AI Gateway Pattern on Azure: Centralized LLM Access, Rate Limiting, and Cost Control
How to implement an AI Gateway using Azure API Management to centralize LLM access, enforce rate limits, allocate costs per team, and maintain compliance across enterprise AI workloads.
When one team experiments with Azure OpenAI, governance is simple. When ten teams build production AI features simultaneously, chaos follows: unpredictable costs, no usage visibility, inconsistent content safety policies, and no way to trace which application generated which tokens.
The AI Gateway pattern solves this by centralising LLM access through a managed proxy — typically Azure API Management. Every LLM call routes through the gateway, which enforces rate limits, tracks costs, logs requests, and balances load across deployments.
Why You Need an AI Gateway
Problem 1: Cost Visibility
Without a gateway, Azure OpenAI costs appear as a single line item. You cannot answer:
- Which team consumed how many tokens?
- Which application has the highest cost?
- Is that spike in spending a legitimate workload or a runaway loop?
Problem 2: Rate Limiting
Azure OpenAI has per-deployment rate limits (tokens per minute). Without a gateway:
- One team's batch job can exhaust the quota, blocking other teams
- No fair-share allocation between teams
- No protection against runaway agents consuming the entire quota
Problem 3: Compliance
Different workloads may require different content safety settings, different models, or different logging policies. Without a gateway, each team configures these independently — if at all.
Architecture
Request Flow Through the AI Gateway
APIM Policy: Token-Based Rate Limiting
<policies>
<inbound>
<!-- Authenticate the calling application -->
<validate-jwt header-name="Authorization"

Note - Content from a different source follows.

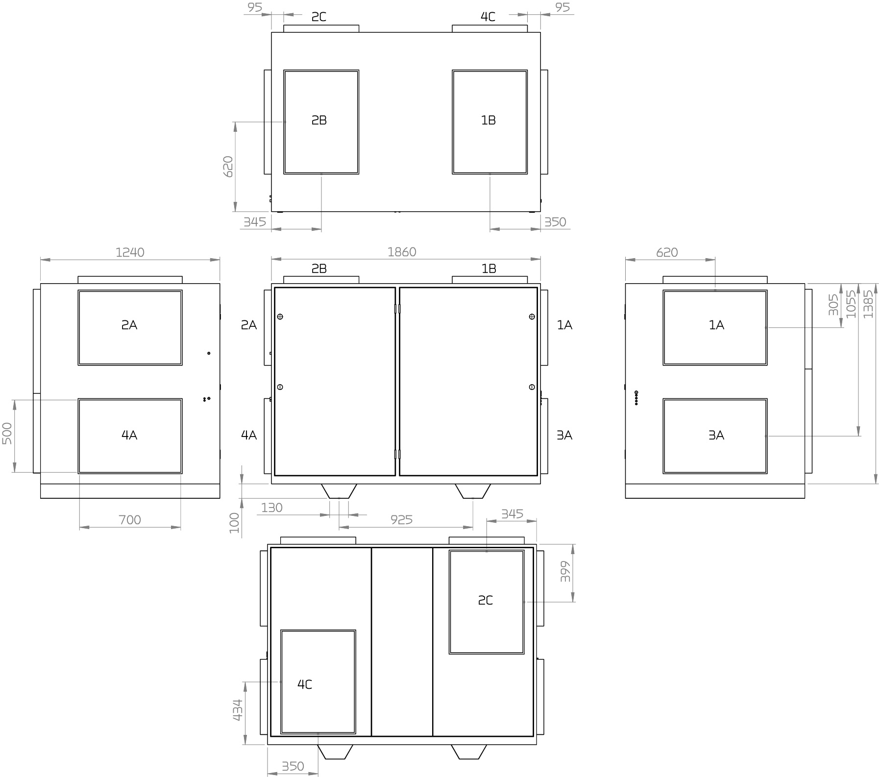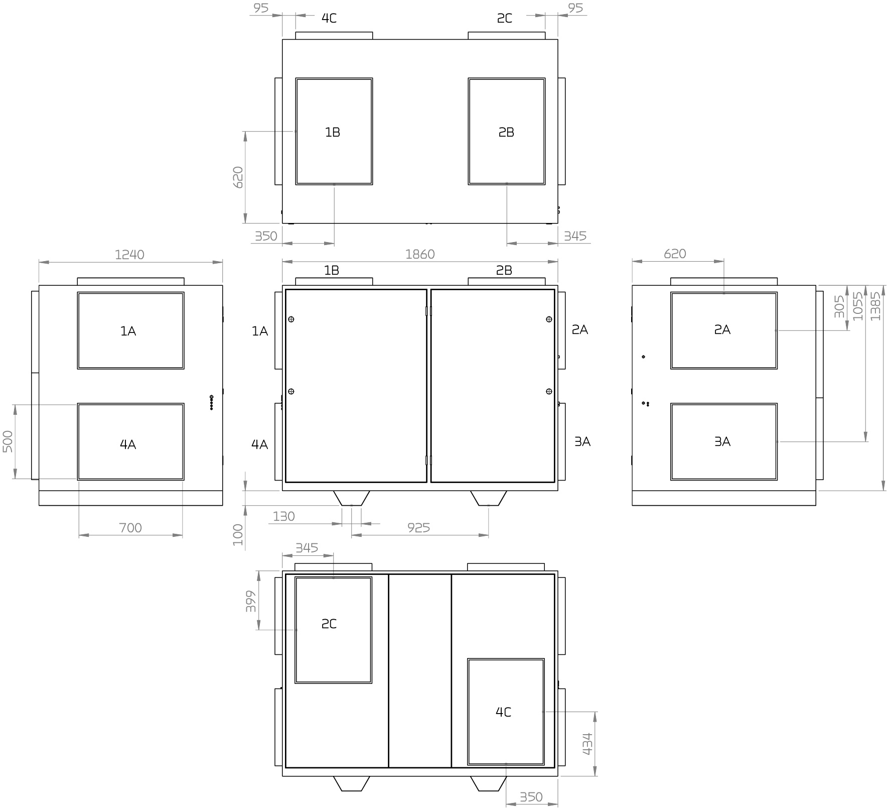 Alle mål er vist i mm. 1. Udeluft A. Gavl placering |

failed-validation-httpcode="401">
<openid-config url="https://login.microsoftonline.com/{tenant}/v2.0/.well-known/openid-configuration" />
<required-claims>
<claim name="roles" match="any">
<value>AI.Consumer</value>
</claim>
</required-claims>
</validate-jwt>
<!-- Rate limit by subscription: 100K tokens per minute -->
<azure-openai-token-limit
counter-key="@(context.Subscription.Id)"
tokens-per-minute="100000"
estimate-prompt-tokens="true"
remaining-tokens-variable-name="remainingTokens" />
<!-- Track token usage for cost allocation -->
<azure-openai-emit-token-metric
namespace="AIGateway">
<dimension name="Team" value="@(context.Subscription.Name)" />
<dimension name="Application" value="@(context.Request.Headers.GetValueOrDefault("X-App-Name", "unknown"))" />
<dimension name="Model" value="@(context.Request.MatchedParameters["deployment-id"])" />
</azure-openai-emit-token-metric>
<!-- Route to the appropriate backend -->
<set-backend-service backend-id="openai-load-balancer" />
</inbound>
<backend>
<forward-request timeout="120" />
</backend>
<outbound>
<!-- Log token consumption -->
<log-to-eventhub logger-id="ai-gateway-logger">@{
var body = context.Response.Body.As<JObject>(preserveContent: true);
return new JObject(
new JProperty("timestamp", DateTime.UtcNow),
new JProperty("team", context.Subscription.Name),
new JProperty("model", context.Request.MatchedParameters["deployment-id"]),
new JProperty("promptTokens", body?["usage"]?["prompt_tokens"]),
new JProperty("completionTokens", body?["usage"]?["completion_tokens"]),
new JProperty("totalTokens", body?["usage"]?["total_tokens"])
).ToString();
}</log-to-eventhub>
</outbound>
</policies>Load Balancing Across Azure OpenAI Instances
<backend id="openai-load-balancer">
<load-balancer>
<backend-pool>
<backend id="openai-eastus" priority="1" weight="50" />
<backend id="openai-westeurope" priority="1" weight="50" />
<backend id="openai-swedencentral" priority="2" weight="100" />
</backend-pool>
</load-balancer>
</backend>Priority-based routing with weight distribution. If primary backends (East US, West Europe) are saturated, traffic overflows to Sweden Central.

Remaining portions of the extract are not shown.